The force of the visuals, and W’s persuasive arguments in the face of M’s innocence, make it abundantly evident that Elam aligns herself with W’s position. At the same time, the movie works to caution against any hasty dismissal of M. For one thing, he sounds like a pretty nice guy. Second, he represents the dominant canon of artistic creation in the modern western world. It’s the one most people have inherited:

I’m an artist. I’m trying to find out the truth about things.
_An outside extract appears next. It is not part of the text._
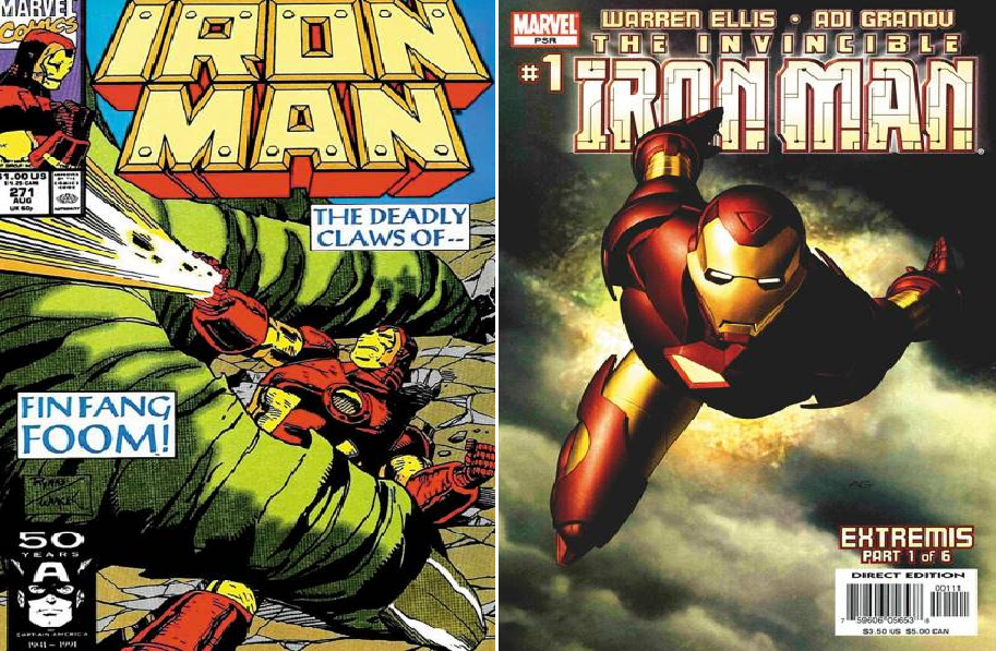 #7. No arco Extremis, muito mal adaptado no filme Homem de Ferro 3, desenvolvido por Warren Ellis e Ari Gradnov, um vírus tecnorgânico experimental – que visava aperfeiçoar o soro do supersoldado do Capitão América – é roubado por um grupo criminoso e injetado em um bandido comum. Esse homem logo se transforma em uma poderosa máquina de matar que cruza o país causando destruição. Ao tentar detê-lo, o Homem de Ferro é sumariamente derrotado. Assim, desesperado, Stark recorre à velha amiga Maya Hansen para um ato radical: injetar em si mesmo o vírus extremis. Como resultado, Stark e a armadura se tornam uma coisa só. Pela primeira vez em sua história, Tony Stark se tornava realmente um superhumano e não somente alguém usando uma armadura.

To make (films) that will make people feel better and learn something of the world and give them more control over things, and I’m trying to enlarge people’s experience with my films.

It’s hard to deny the compelling “rightness” of his statements, even when the twentieth century so conclusively vetoed the possibility of such a thing as “the truth.” As for W, our sympathies waver when her radicalism carries her to the point of rejecting any attempts to make images of women.

I wish that these male filmmakers would stop, you know, putting all these women in their films. I wish that they would just give up … you should have no women in your films.

Finally, when W utters her last words, a strident “I’m right and you’re wrong!” it’s clear that Elam has set these characters up to receive equal consideration. Each has virtues and faults. What M lacks in intellectual sophistication, he makes up for in earnestness and personal charm. W’s ideological consciousness-raising is crucial, but her irritably uttered challenges threaten to obliterate human interaction from among the possibilities of progressive art. We’re not left to “lie back” but precisely to judge the positions that its voices have argued.

If you set up a dialectical situation in order to lead people to consider the possible synthesis of ideas presented, ultimately, you have a didactic purpose. Where does Elam’s film lead us? An undergraduate male student paid it a compliment in declaring that he can no longer look at a woman in a film without thinking about the consequences of the filmmaker’s use of her as a person and as a spectacle. Lie Back encourages analysis, all the more so since its own structure moves from positioning the audience in a (minimally) voyeuristic stance to a maximally critical one. The film conveys remarkable structural and rhetorical lucidity.

As Canyon Cinema showcases Lie Back and Enjoy It 36 years after it first appeared, I’m struck by how different my viewings of it in 1982 and 2018 have been. M and W, its two conversing voices, were the voices of filmmaker Elam herself and Chuck Kleinhans, the activist teacher, scholar, and co-founder and lifetime co-editor (with his wife Julia Lesage) of the unpretentious and indispensable journal JUMP CUT. The Chicago independent film people associated with Chicago Filmmakers and JUMP CUT enjoyed years of group movie screenings, dinners, and joyfully intense conversation in the 1970s and 80s. Elam died in 2009; Kleinhans just before Christmas of 2017. Lie Back’s soundtrack feels more like a documentary now: Chuck and Jo Ann role-playing over a tape recorder in a kitchen, enjoying the game they have set for themselves. And so a seemingly austere experimental movie becomes a tender postcard from a more idealistic and humane time.

 

Claudia Gorbman is professor emerita of film studies at the University of Washington Tacoma. She continues to write about film music and sound, and has translated several books by French critic Michel Chion.